DOI: doi:10.1161/JAHA.119.013296

Abstract

Background: Programs targeting the standard modifiable cardiovascular risk factors (SMuRFs: hypertension, diabetes mellitus, hypercholesterolemia, smoking) are critical to tackling coronary heart disease at a community level. However, myocardial infarction in SMuRF-less individuals is not uncommon. This study uses 2 sequential large, multicenter registries to examine the proportion and outcomes of SMuRF-less ST-segment-elevation myocardial infarction (STEMI) patients.
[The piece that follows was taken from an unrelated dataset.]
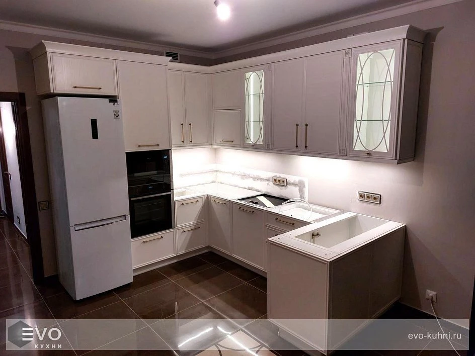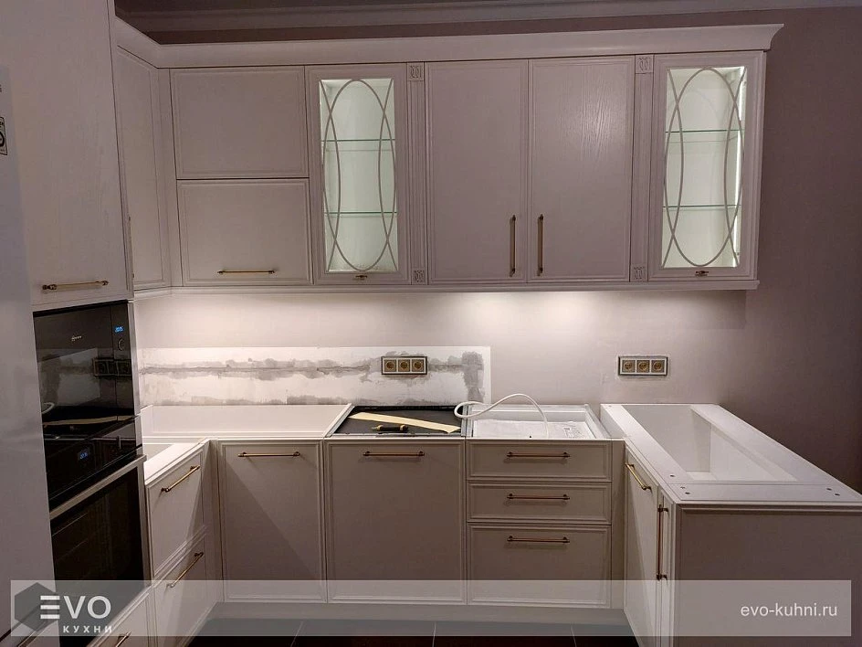 Кухни все изготавливаются по индивидуальному заказу. Мы подготовим дизайн-проект под любое помещение и конфигурацию. В зависимости от выбранных фасадов сможем изготовить нестандартные модули и размеры. Однако есть редкие исключения видов фасадов, по которым невозможны нестандарты, об этом вас предупредит дизайнер при выборе материалов для проекта.

Methods and Results: We identified 3081 STEMI patients without a prior history of cardiovascular disease in the Australian GRACE (Global Registry of Acute Coronary Events) and CONCORDANCE (Cooperative National Registry of Acute Coronary Syndrome Care) registries, encompassing 42 hospitals, between 1999 and 2017. We examined the proportion that were SMuRF-less as well as outcomes. The primary outcome was in-hospital mortality, and the secondary outcome was major adverse cardiovascular events (death, myocardial infarction, or heart failure, during the index admission). Multivariate regression models were used to identify predictors of major adverse cardiovascular events. Of STEMI patients without a prior history of cardiovascular disease 19% also had no history of SMuRFs. This proportion increased from 14% to 23% during the study period (P=0.0067). SMuRF-less individuals had a higher in-hospital mortality rate than individuals with 1 or more SMuRFs. There were no clinically significant differences in major adverse cardiovascular events at 6 months between the 2 groups.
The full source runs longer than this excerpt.